*TASK BRIEF:*
Output exactly the lines below from the one containing "会议由龚明霞主持,四川大学灾" to the last line, both included. Omit pictures.

*DATA PROVIDED:*
.....

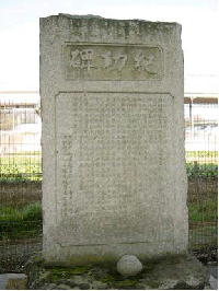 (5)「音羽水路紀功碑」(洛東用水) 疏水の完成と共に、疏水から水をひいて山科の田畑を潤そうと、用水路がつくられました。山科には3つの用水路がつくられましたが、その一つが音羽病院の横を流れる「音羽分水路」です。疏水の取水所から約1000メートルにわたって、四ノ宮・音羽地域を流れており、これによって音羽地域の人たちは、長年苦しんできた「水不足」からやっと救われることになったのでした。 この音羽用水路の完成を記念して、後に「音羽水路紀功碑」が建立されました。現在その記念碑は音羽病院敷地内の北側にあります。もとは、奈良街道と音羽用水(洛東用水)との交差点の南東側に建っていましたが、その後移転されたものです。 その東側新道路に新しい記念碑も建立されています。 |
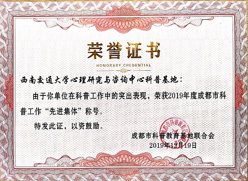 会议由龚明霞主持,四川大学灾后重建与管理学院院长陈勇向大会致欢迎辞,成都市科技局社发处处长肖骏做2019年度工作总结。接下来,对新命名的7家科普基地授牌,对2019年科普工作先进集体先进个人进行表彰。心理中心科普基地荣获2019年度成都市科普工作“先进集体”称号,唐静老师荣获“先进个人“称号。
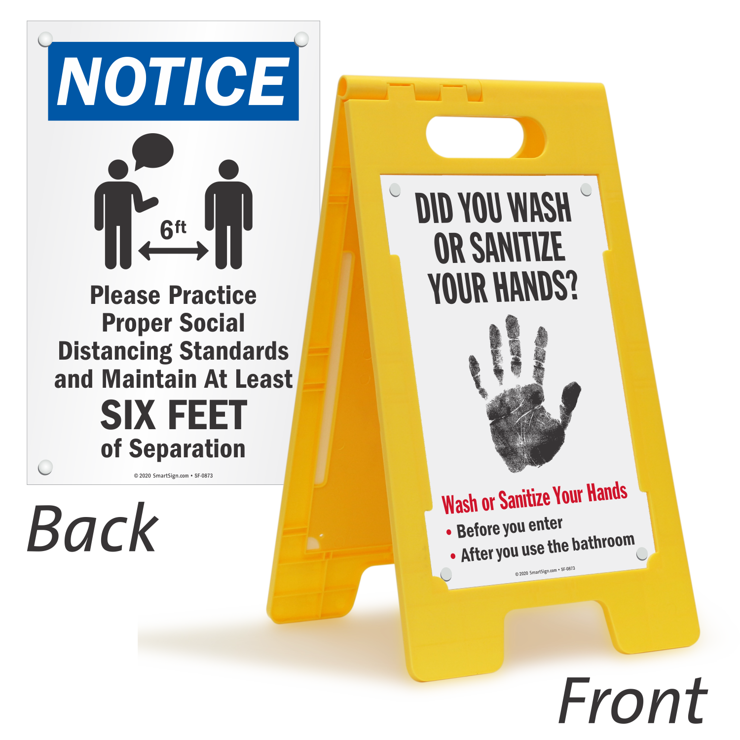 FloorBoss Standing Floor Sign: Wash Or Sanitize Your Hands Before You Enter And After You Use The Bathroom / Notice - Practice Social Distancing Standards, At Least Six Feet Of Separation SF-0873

.....

*RESULT BELOW:*
 会议由龚明霞主持,四川大学灾后重建与管理学院院长陈勇向大会致欢迎辞,成都市科技局社发处处长肖骏做2019年度工作总结。接下来,对新命名的7家科普基地授牌,对2019年科普工作先进集体先进个人进行表彰。心理中心科普基地荣获2019年度成都市科普工作“先进集体”称号,唐静老师荣获“先进个人“称号。
 FloorBoss Standing Floor Sign: Wash Or Sanitize Your Hands Before You Enter And After You Use The Bathroom / Notice - Practice Social Distancing Standards, At Least Six Feet Of Separation SF-0873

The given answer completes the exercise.